Even if he somehow transforms his face into looking like Brad Pitt (or Billy Beane; or Brad Pitt as Billy Beane), I’ll recognize him from his awful, cheap-shot laden baseball “analysis”.

I see you….

Outsources.

Is it possible for “sources” to be accurate once-in-a-while?

The reports of Davey Johnson taking over as manager of the Nationals appear to be true, but there numerous details of his contract status, whether he’ll be there for longer than this season, whether John McLaren will stay on as a coach or follow Jim Riggleman out the door of career-suicide—and we don’t know what’s real since it changes with the wind.

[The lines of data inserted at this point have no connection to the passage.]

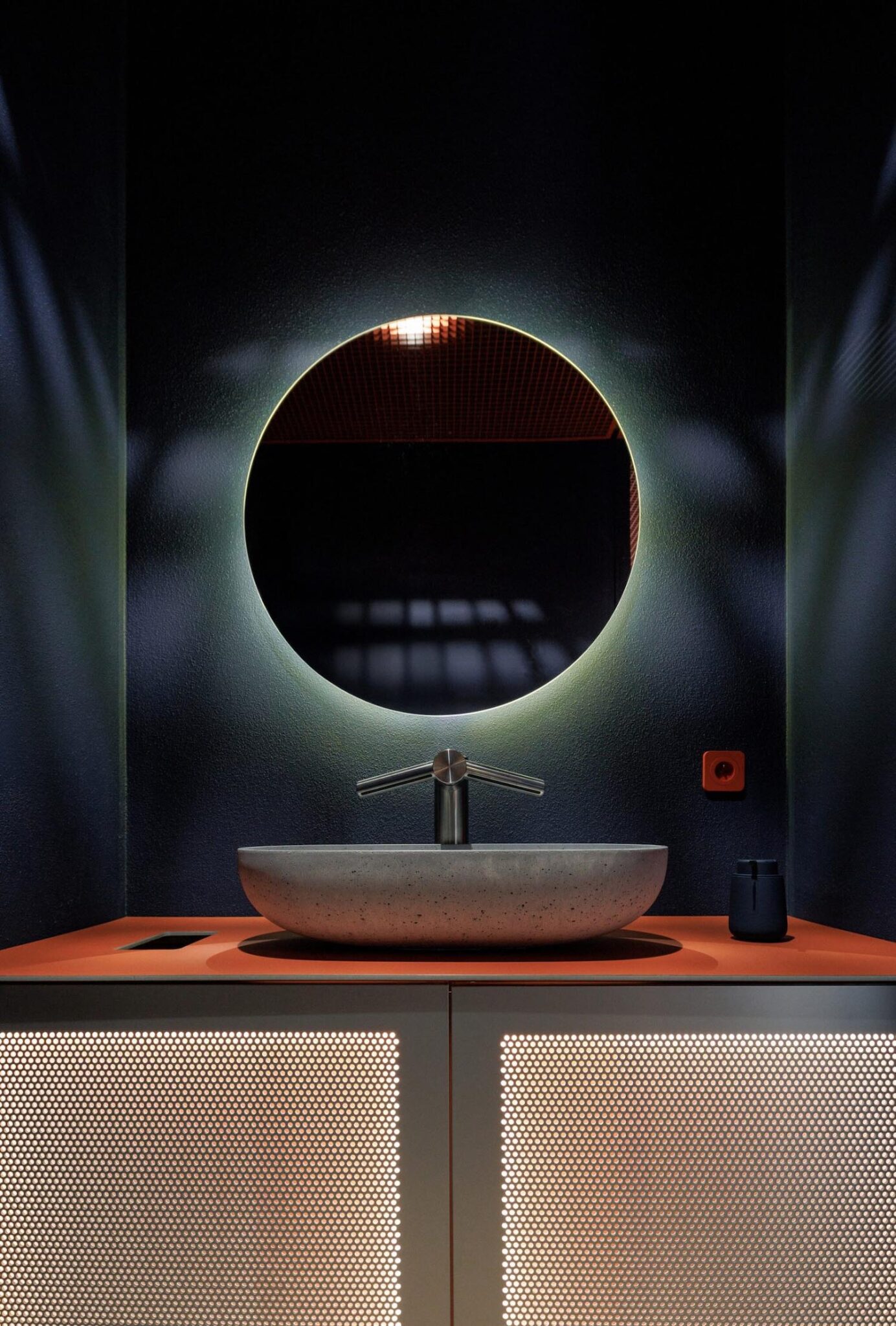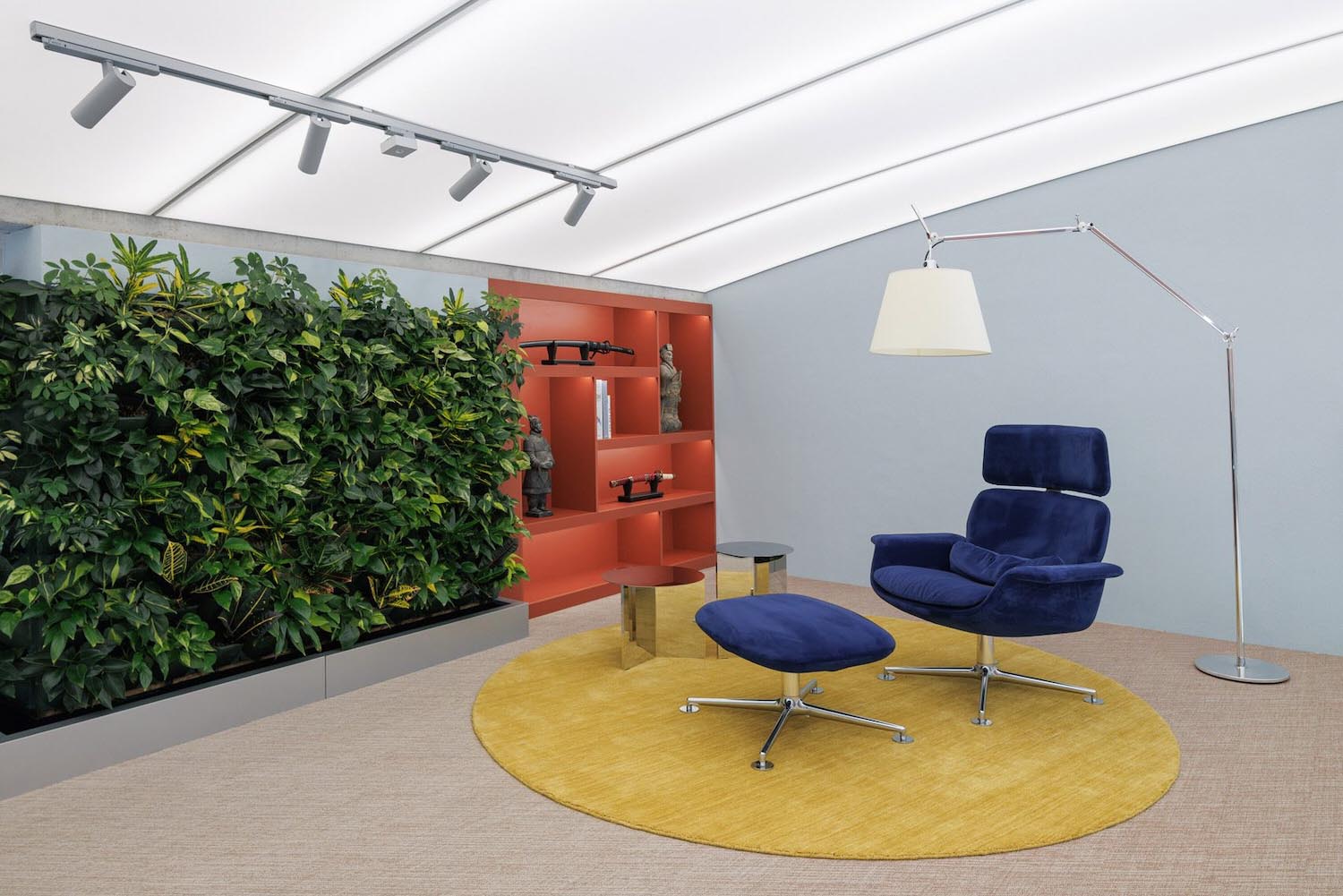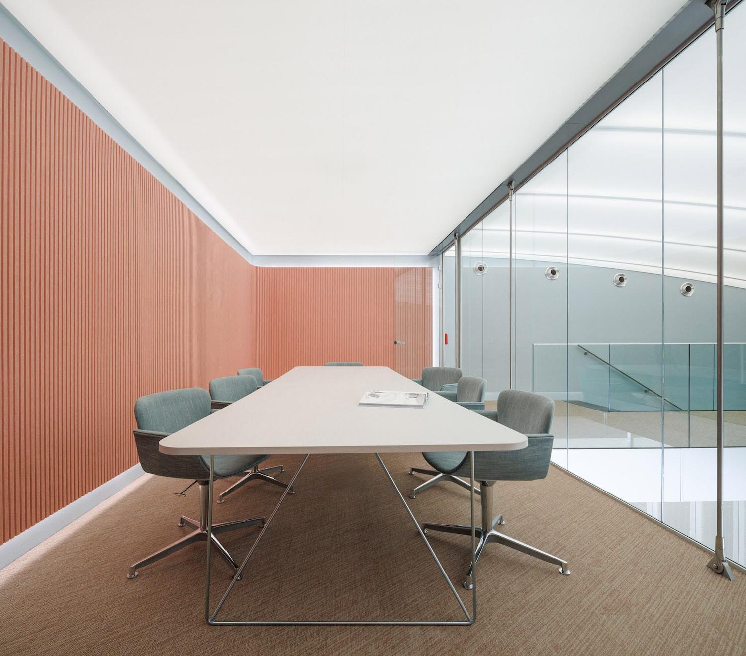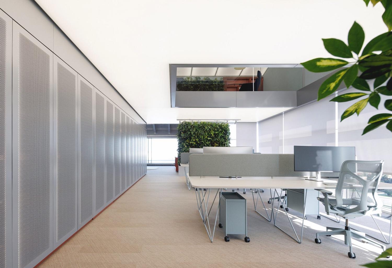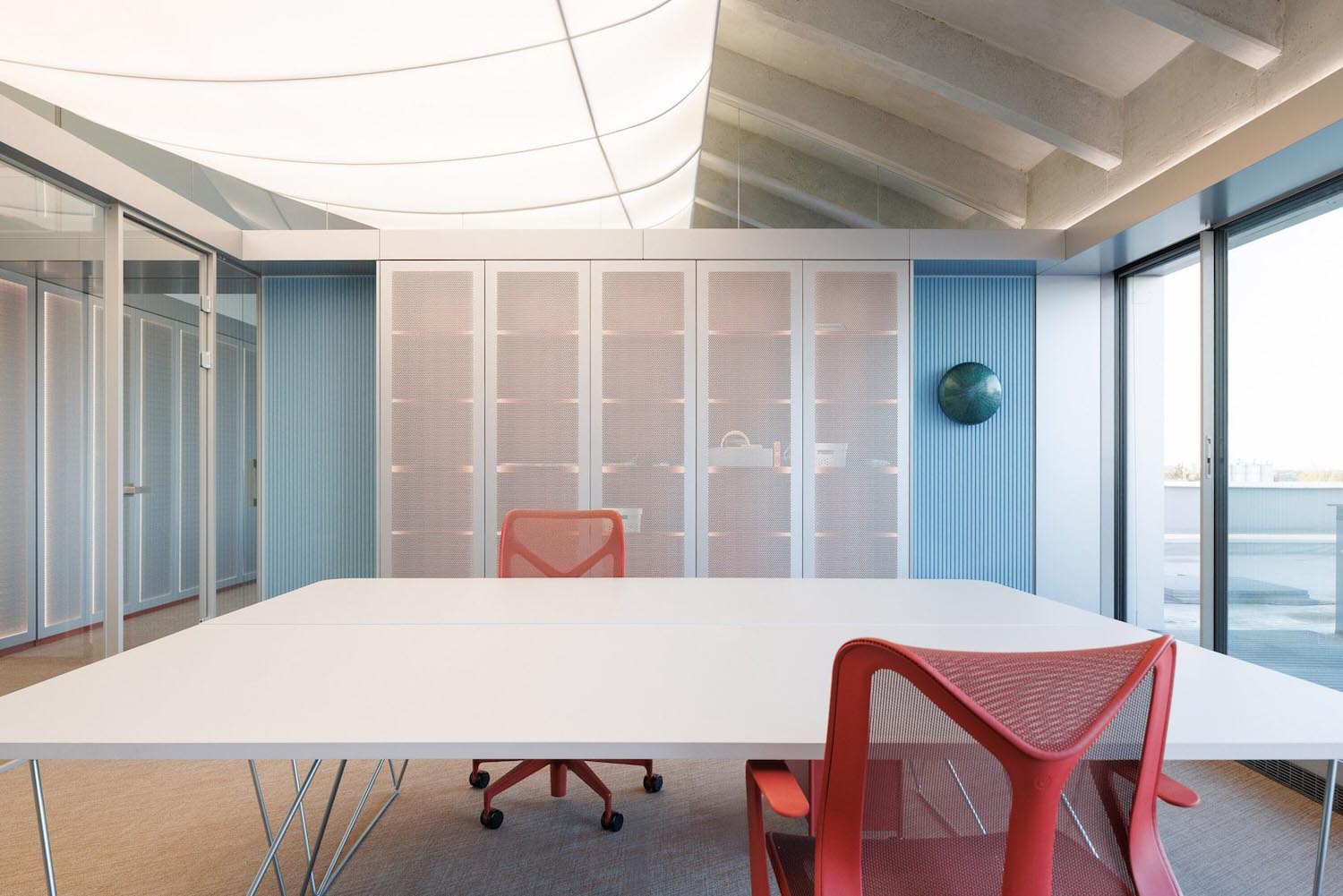 Una serie de matices que alcanzan la cocina, el baño y las salas de reuniones, donde se combinan superficies estriadas azules con asientos rojos. Aquí, las microperforaciones en la parte inferior de la instalación lumínica confieren una acústica mejorada. También se salpican toques de verde, aportados por plantas trepadoras que cubren las columnas estructurales originarias del edificio. En las estaciones de trabajo formales del piso superior, se alumbra con techos abiertos y tras la materialidad alumínica propia de los aviones modernos —que envuelve a los armarios— vuelven a lucir los acentos rojizos en los estantes. Un conjunto de detalles que coordinan luz y color para conferir a todo este paisaje laboral un carácter tan estimulante como distintivo.
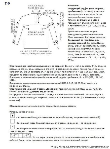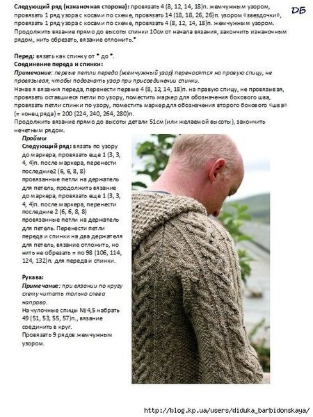 Черный ажурный пуловер Размер: М Вам потребуется: пряжа LANARO (10% акрил, 30% шерсть, 60% кашемир, 200 м/50 г) - 450 г черного цвета, крючок №3. Основной узор: вяжите по схеме.   Перед: наберите цепочку из 116 возд. п. + 3 возд. п. для подъема. Вяжите основным узором. Провяжите 1 раз с 1-го по 17-й ряд, далее повторяйте с 6-го по 17-й ряд. На высоте 51 см (= 57 рядов) начинайте вывязывать V-образный вырез горловины. Для этого в 58-м ряду оставьте среднюю петлю и на протяжении следующих 12 см (= 14 рядов) убавьте в общей сложности 23 п.   Спинка: вяжите аналогично, но с менее глубоким вырезом горловины. Для этого на высоте 60 см (= 68 рядов) от начала вязания оставьте средние 24 п. На протяжении следующих 3 рядов выполните в общей сложности 7 убавлений: 69-й ряд - 3 п., 70-й ряд - 2 п. и 71-й ряд -1 п. Закончите вязание детали. Рукава: наберите цепочку из 62 возд. п., вяжите основным узором. Провяжите 1 раз с 1-го по 17-й ряд, далее повторяйте с 6-го по 17-й ряд. Одновременно прибавляйте петли по краям для скосов рукава в соответствии с выкройкой. Всего с каждой стороны прибавьте по 19 п. Закончите работу на высоте 55 см (= 59 рядов) от начала вязания. Сборка: выполните плечевые швы, вшейте рукава, выполните боковые швы и швы рукавов. Вырез горловины, нижние края пуловера и рукавов обвяжите «рачьим шагом» (= ст. б/н слева направо). http://vse-sama.ru/vjazanie-dlja-muzhchin/chernyj-azhurnyj-pulover.html
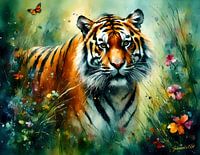 Een majestueuze tijger is afgebeeld met intense ogen die de kijker recht aanstaren, omringd door een dromerige, kleurrijke omgeving met vlinders en wilde bloemen. De kleuren zijn levendig en vermengen zich op een manier die de scène een gevoel van beweging en levendigheid geeft.
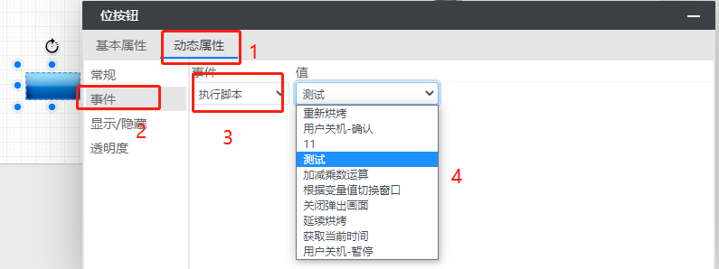 使用按钮等控件的“事件属性”,选择“执行脚本”后保存。
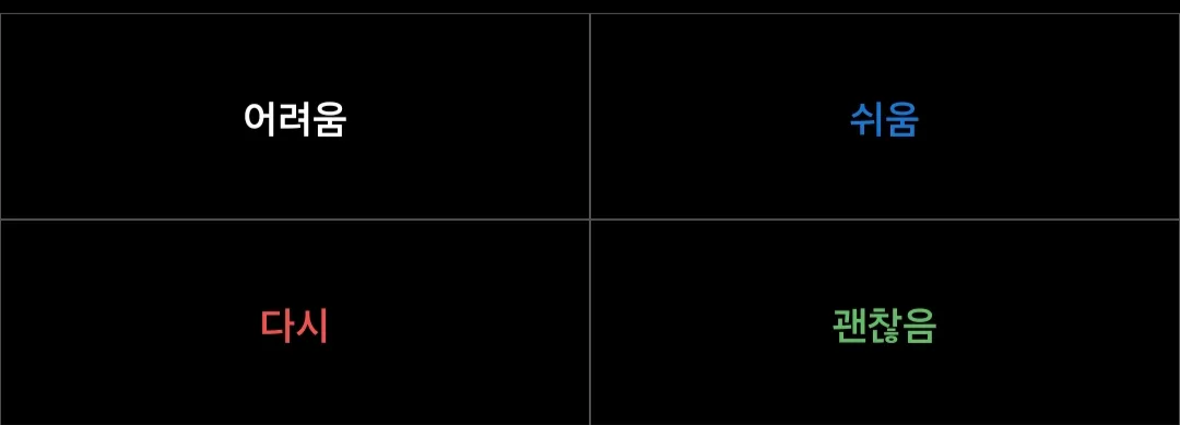 화면 아래에는 '다시', '어려움', '쉬움', '괜찮음' 네 가지 버튼이 있는데요,

Are there sources? Are writers making this up as they go along? Are they “whispers” of the Mike Francesa adolescent embellishment (non-existent) variety? Are they nuggets dropped into the public sphere to gauge the reaction? Or all of the above?

Defense.

Ryan Ludwick might be the worst outfielder I’ve ever seen—and that’s saying something because I watched Todd Hundley briefly play left field when the Mets wanted to get him and Mike Piazza into the same lineup.

Ludwick runs to where the ball appears to be landing and throws his glove up—facing the wrong way—at least once every time I watch a Padres game.

Needless to say, he doesn’t catch the ball.

The haplessness isn’t nullified even though he doesn’t get an error.

It happened again in the Padres 10-1 loss to the Braves last night and helped open the floodgates to turn a 3-1 deficit into 6-1 in the eighth inning. The Braves scored 4 times in the ninth to make it a blowout.

He doesn’t hit enough to justify being in the lineup every day, let alone batting 4th the majority of the time…except for the Padres, whose offense is atrocious.

Mail.

Norm writes:

As a Jays and occasional Mets fan, I was wondering what you think of the chances of a trade involving David Wright…say wright and pagan for lawrie, thames and aminor league pitcher or 2, or wright straight up for lawrie plus 2 minor league pitchers?

I would trade Wright for Brandon Morrow, Brett Lawrie and Eric Thames.

I dunno what the Blue Jays would want with Angel Pagan.

But the Mets aren’t trading Wright and the Blue Jays aren’t making that trade.